> **Instructions for the task**: Reproduce verbatim the lines of the material below, starting at the line with "ベビーの動きを邪魔しない絶妙" and ending at the line with "左右で羽の色が違うこちらの標本も、突然変異の1つです。", both inclusive; skip the rest.

> **Data shown**:
# # #

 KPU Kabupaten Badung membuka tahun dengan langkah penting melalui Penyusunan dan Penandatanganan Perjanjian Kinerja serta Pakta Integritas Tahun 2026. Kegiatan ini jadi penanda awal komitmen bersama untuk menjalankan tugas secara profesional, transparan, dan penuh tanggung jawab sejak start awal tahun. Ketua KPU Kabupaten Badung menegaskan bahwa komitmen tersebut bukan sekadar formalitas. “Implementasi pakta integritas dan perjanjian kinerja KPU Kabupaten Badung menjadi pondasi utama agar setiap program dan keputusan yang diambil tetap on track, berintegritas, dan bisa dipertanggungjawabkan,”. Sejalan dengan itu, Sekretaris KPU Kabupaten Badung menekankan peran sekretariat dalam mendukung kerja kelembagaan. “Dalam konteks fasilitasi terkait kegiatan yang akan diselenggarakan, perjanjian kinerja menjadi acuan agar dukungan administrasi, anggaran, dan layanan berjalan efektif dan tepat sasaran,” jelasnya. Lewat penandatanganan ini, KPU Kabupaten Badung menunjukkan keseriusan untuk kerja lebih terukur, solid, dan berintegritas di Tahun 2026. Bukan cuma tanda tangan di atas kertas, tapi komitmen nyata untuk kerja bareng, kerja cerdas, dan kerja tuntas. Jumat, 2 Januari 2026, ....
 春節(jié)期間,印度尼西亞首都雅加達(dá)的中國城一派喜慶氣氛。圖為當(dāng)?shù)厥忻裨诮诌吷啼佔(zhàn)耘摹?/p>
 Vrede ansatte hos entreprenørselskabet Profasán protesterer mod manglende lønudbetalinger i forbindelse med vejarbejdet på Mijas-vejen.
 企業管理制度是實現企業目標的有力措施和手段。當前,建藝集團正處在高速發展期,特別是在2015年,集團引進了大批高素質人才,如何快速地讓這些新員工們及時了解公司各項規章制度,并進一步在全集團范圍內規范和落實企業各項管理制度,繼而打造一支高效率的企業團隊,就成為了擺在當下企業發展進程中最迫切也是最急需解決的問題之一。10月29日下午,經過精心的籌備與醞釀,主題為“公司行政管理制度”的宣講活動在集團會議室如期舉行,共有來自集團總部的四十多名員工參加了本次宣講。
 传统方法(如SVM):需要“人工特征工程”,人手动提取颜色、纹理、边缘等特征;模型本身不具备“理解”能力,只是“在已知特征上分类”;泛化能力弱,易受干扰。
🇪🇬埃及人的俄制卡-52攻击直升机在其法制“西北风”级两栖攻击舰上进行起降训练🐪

# # #

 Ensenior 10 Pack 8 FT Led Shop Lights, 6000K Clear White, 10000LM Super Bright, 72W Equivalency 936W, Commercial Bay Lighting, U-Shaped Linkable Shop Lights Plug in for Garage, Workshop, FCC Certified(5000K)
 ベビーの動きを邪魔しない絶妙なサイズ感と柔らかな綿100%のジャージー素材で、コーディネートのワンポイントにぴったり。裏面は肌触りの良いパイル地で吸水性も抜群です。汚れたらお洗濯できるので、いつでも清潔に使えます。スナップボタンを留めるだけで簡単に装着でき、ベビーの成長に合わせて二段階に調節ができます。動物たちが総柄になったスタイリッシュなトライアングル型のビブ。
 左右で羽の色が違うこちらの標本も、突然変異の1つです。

# # #

> **Task answer**:
 ベビーの動きを邪魔しない絶妙なサイズ感と柔らかな綿100%のジャージー素材で、コーディネートのワンポイントにぴったり。裏面は肌触りの良いパイル地で吸水性も抜群です。汚れたらお洗濯できるので、いつでも清潔に使えます。スナップボタンを留めるだけで簡単に装着でき、ベビーの成長に合わせて二段階に調節ができます。動物たちが総柄になったスタイリッシュなトライアングル型のビブ。
 左右で羽の色が違うこちらの標本も、突然変異の1つです。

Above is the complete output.